=== GIVEN RECORDS ===
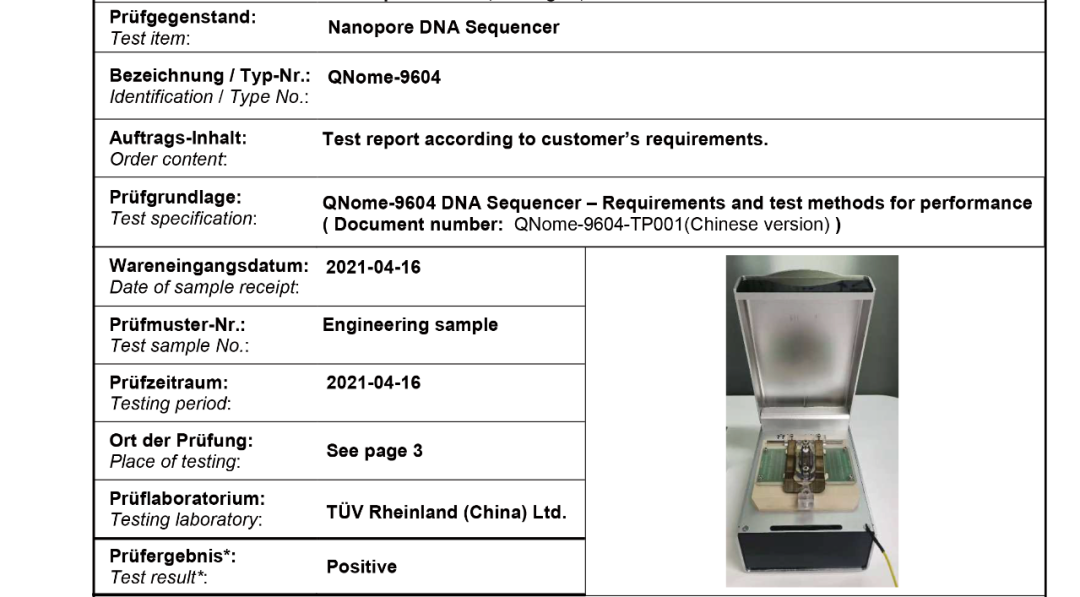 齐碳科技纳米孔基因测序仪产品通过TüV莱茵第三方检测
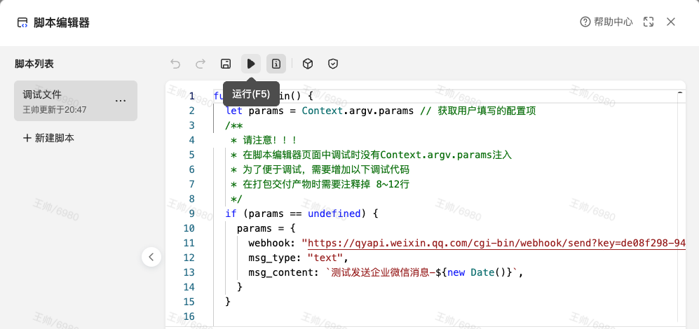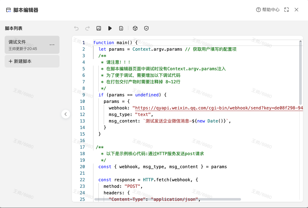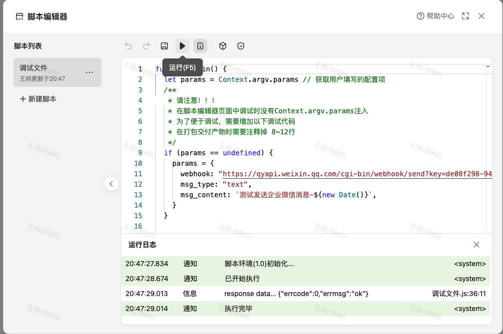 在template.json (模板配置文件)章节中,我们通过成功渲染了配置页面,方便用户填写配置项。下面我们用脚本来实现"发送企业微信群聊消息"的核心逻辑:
===
=== GIVEN RECORDS ===
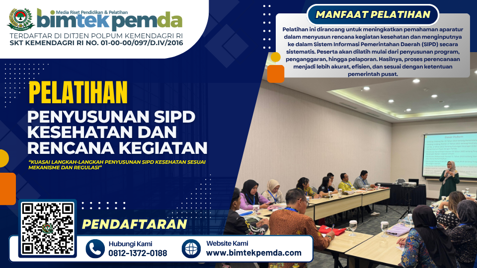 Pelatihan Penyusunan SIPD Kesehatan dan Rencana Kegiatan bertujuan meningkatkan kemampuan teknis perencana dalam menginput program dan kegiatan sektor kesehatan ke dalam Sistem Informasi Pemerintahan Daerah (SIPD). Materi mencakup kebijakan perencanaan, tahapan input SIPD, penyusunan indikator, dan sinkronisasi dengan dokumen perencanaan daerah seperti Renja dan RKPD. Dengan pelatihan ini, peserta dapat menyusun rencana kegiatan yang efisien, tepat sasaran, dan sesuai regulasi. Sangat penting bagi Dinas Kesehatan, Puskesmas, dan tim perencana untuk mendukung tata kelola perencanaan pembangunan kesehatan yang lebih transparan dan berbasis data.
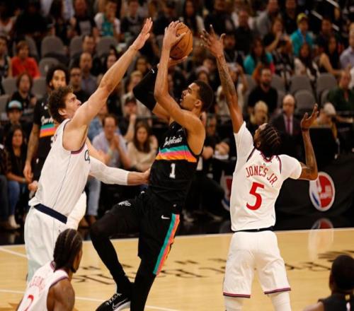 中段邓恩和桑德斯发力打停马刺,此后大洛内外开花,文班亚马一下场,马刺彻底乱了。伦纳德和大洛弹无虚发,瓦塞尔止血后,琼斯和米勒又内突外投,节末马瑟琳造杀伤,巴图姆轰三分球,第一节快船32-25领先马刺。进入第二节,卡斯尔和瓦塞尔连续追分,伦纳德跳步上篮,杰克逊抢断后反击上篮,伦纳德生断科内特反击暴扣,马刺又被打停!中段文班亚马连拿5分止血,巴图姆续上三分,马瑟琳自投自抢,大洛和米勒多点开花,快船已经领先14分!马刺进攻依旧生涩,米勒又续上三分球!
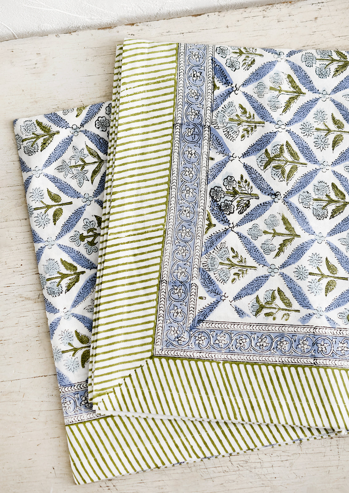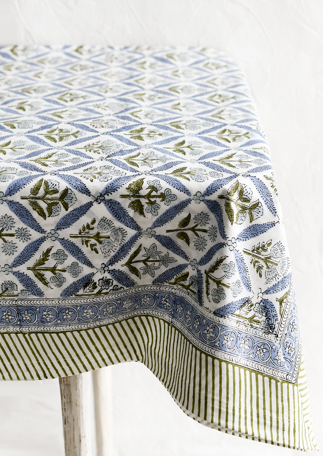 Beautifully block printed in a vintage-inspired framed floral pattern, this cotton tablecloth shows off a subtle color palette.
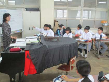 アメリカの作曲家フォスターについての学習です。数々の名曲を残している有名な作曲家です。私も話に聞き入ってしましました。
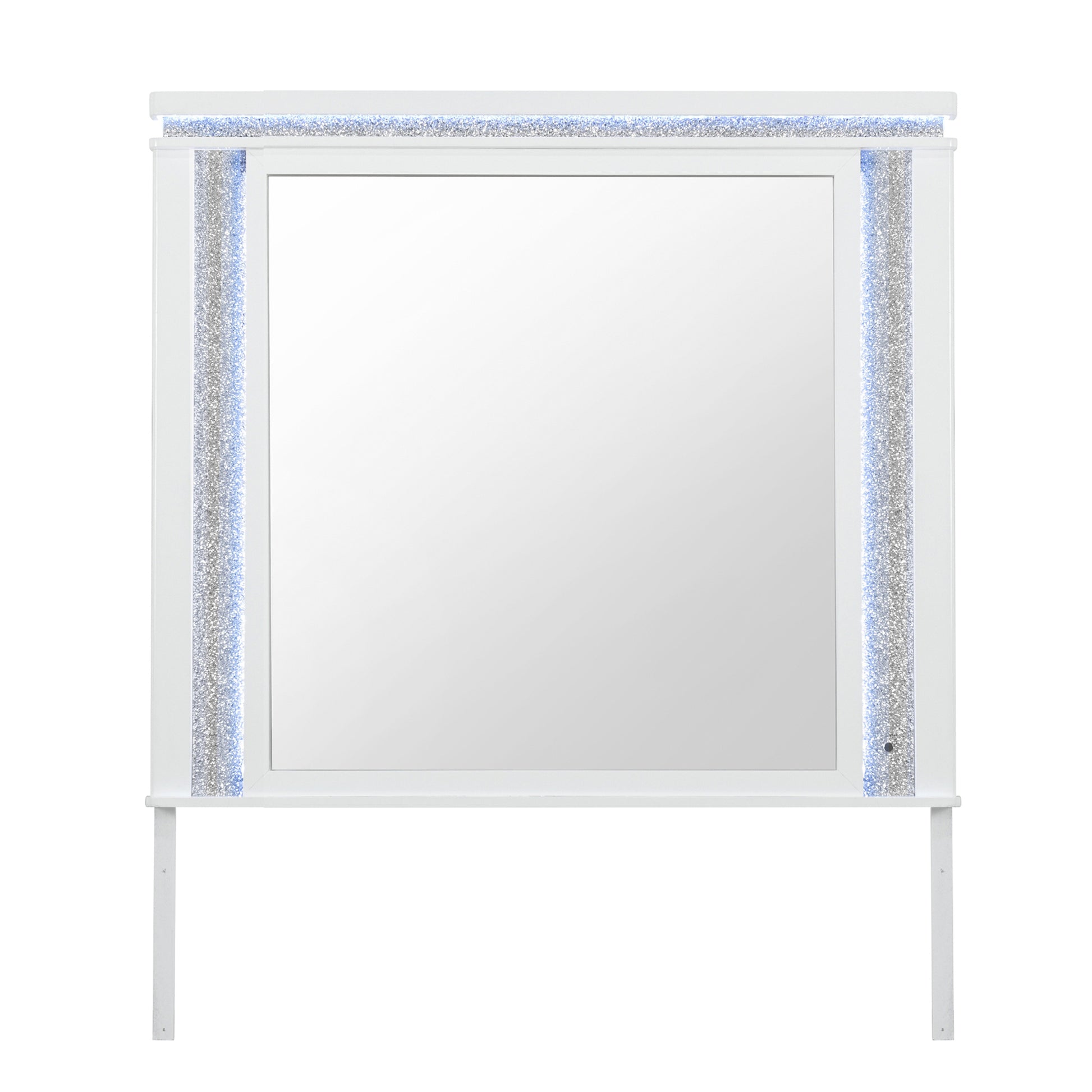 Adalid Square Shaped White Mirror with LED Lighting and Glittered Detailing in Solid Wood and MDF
===
TASK GOAL: The lines to set down run from the line with "中段邓恩和桑德斯发力打停马刺" up to and including the line with "Adalid Square Shaped" in the entries above. Reproduce them exactly, with no pictures.

ANSWER:
 中段邓恩和桑德斯发力打停马刺,此后大洛内外开花,文班亚马一下场,马刺彻底乱了。伦纳德和大洛弹无虚发,瓦塞尔止血后,琼斯和米勒又内突外投,节末马瑟琳造杀伤,巴图姆轰三分球,第一节快船32-25领先马刺。进入第二节,卡斯尔和瓦塞尔连续追分,伦纳德跳步上篮,杰克逊抢断后反击上篮,伦纳德生断科内特反击暴扣,马刺又被打停!中段文班亚马连拿5分止血,巴图姆续上三分,马瑟琳自投自抢,大洛和米勒多点开花,快船已经领先14分!马刺进攻依旧生涩,米勒又续上三分球!
 Beautifully block printed in a vintage-inspired framed floral pattern, this cotton tablecloth shows off a subtle color palette.
 アメリカの作曲家フォスターについての学習です。数々の名曲を残している有名な作曲家です。私も話に聞き入ってしましました。
 Adalid Square Shaped White Mirror with LED Lighting and Glittered Detailing in Solid Wood and MDF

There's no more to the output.